— EXERCISE AIM —
In the listing that follows, print every line exactly and leave the images out.

— DATA SEGMENT —

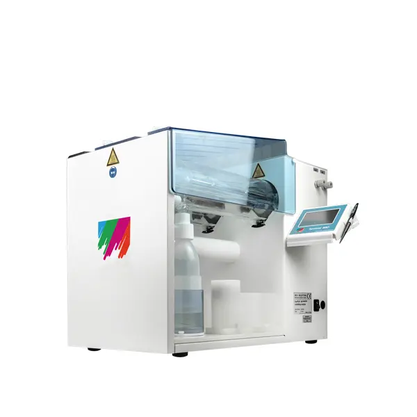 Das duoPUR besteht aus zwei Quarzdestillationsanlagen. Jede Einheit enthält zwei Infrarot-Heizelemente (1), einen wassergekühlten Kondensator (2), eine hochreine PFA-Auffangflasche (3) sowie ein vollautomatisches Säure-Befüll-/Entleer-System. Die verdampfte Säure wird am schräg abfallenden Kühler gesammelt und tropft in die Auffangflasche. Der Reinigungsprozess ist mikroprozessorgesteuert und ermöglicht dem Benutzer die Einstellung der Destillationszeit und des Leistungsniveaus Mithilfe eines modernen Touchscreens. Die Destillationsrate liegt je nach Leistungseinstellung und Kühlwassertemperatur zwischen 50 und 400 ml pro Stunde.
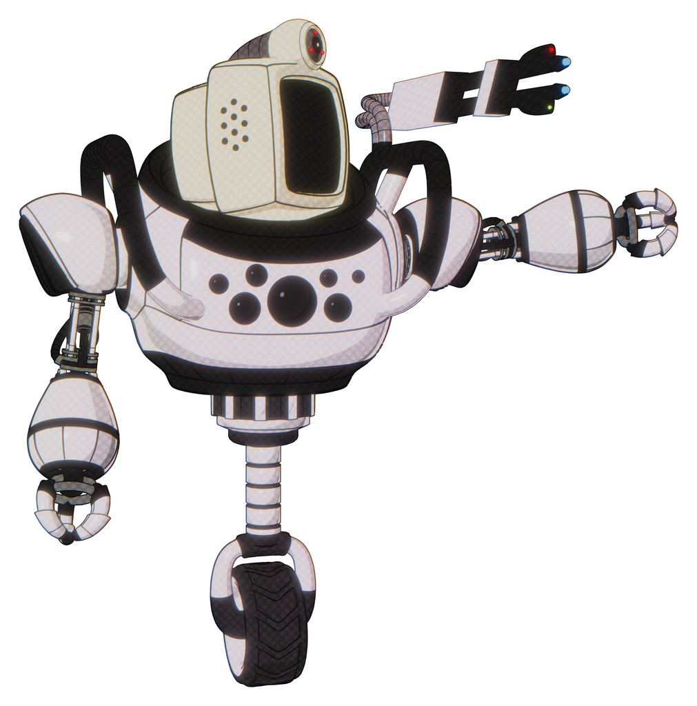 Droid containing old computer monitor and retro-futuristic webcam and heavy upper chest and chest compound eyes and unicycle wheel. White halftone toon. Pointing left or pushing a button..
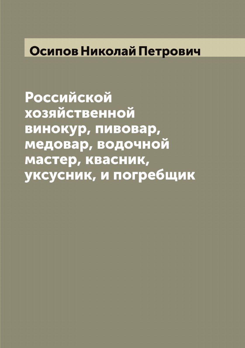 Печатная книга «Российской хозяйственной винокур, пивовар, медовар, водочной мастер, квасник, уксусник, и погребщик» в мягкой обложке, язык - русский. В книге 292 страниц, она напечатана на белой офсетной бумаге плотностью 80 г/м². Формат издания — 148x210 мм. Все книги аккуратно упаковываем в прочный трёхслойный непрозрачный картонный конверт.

— WRITTEN ANSWER —
 Das duoPUR besteht aus zwei Quarzdestillationsanlagen. Jede Einheit enthält zwei Infrarot-Heizelemente (1), einen wassergekühlten Kondensator (2), eine hochreine PFA-Auffangflasche (3) sowie ein vollautomatisches Säure-Befüll-/Entleer-System. Die verdampfte Säure wird am schräg abfallenden Kühler gesammelt und tropft in die Auffangflasche. Der Reinigungsprozess ist mikroprozessorgesteuert und ermöglicht dem Benutzer die Einstellung der Destillationszeit und des Leistungsniveaus Mithilfe eines modernen Touchscreens. Die Destillationsrate liegt je nach Leistungseinstellung und Kühlwassertemperatur zwischen 50 und 400 ml pro Stunde.
 Droid containing old computer monitor and retro-futuristic webcam and heavy upper chest and chest compound eyes and unicycle wheel. White halftone toon. Pointing left or pushing a button..
 Печатная книга «Российской хозяйственной винокур, пивовар, медовар, водочной мастер, квасник, уксусник, и погребщик» в мягкой обложке, язык - русский. В книге 292 страниц, она напечатана на белой офсетной бумаге плотностью 80 г/м². Формат издания — 148x210 мм. Все книги аккуратно упаковываем в прочный трёхслойный непрозрачный картонный конверт.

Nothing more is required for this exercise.